Mais au fond, même et surtout lorsqu’il sort de l’ordinaire, ce type de communication à forte valeur pédagogique et dont l’intention est de duper, n’est pas nouveau dans le ciel de l’Afrique sous ordre colonial français. Il ne faut pas oublier que jadis, entre deux assassinats de grands espoirs africains comme Patrice Lumumba ou Sylvanus Olympio, les dictateurs Zaïrois et Togolais se drapaient dans les oripeaux de fils authentiques de l’Afrique, prônaient l’authenticité africaine, changeaient les noms de leur pays ou de leurs concitoyens pour soi-disant  leur restituer une certaine dignité. Plus près de nous dans le temps, on a vu aussi qu’entre deux tentatives de manipulation de la constitution pour s’éterniser au pouvoir ou deux répressions militaires de leurs opposants civils assistées par l’armée française,  Alfa Condé de Guinée ou Idris Deby du Tchad pouvaient jouer à plus-Africain-que-moi-tu-meurs, en serinant de ci- delà des propos pseudo-rebelles à l’ordre colonial, comme si leur liberté de ton factice scellait la rupture du cordon ombilical avec le maître colonial.

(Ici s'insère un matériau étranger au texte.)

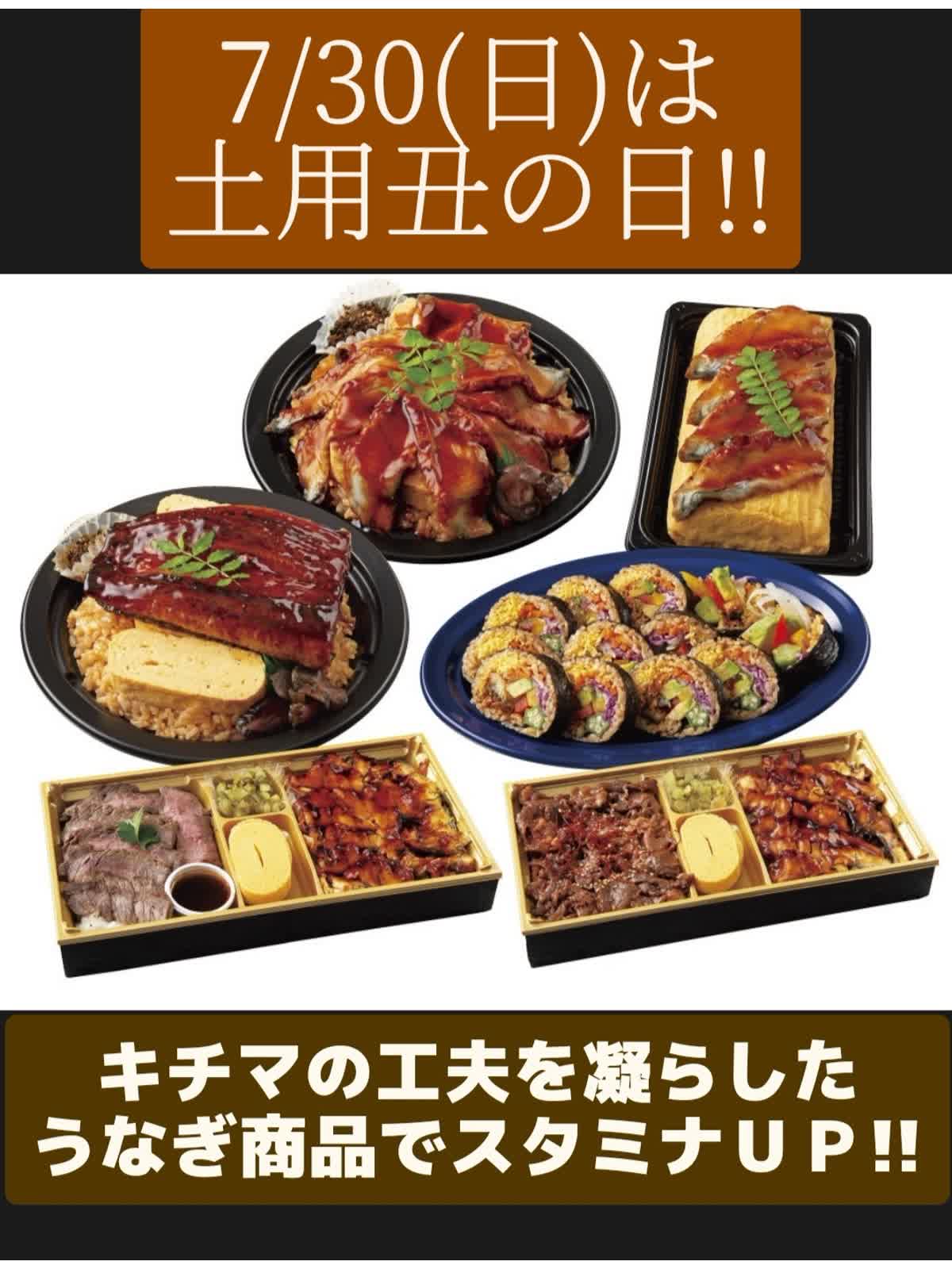 ルクア フードホール B2F キッチン&マーケット キチマの土用丑が熱い! 店内奥へお進み下さい♪ デリカコーナー、畜産コーナー、 魚と海鮮鮨酒場等、それぞれが工夫を 凝らした鰻、うな重、惣菜を展開します!! 店内自慢の出汁巻きを使った う巻きや丼、 鰻を入れたキンパ、 黒毛和牛と一緒になったうな重、 丑と牛をかけてスタミナメニューが登場する等、 見ても食べても美味しそうな うなぎ商品が今年も続々登場します! 当日のご来店を心よりお待ちしております!! ショップニュース⼀覧

Mais  évidemment il n’en est rien. La vérité est que, aujourd’hui comme hier, nos dictateurs bénéficient de l’assistance technique de leur maître qui leur enseignent la posture à adopter pour bien manipuler leur peuple. Des cabinets de communication et de propagande sont à la manœuvre dans les officines de Paris, Londres ou New York, qui enseignent à  nos roitelets à tromper la crédulité voire la vigilance de leurs peuples, et ce dans l’intérêt primordial des Occidentaux.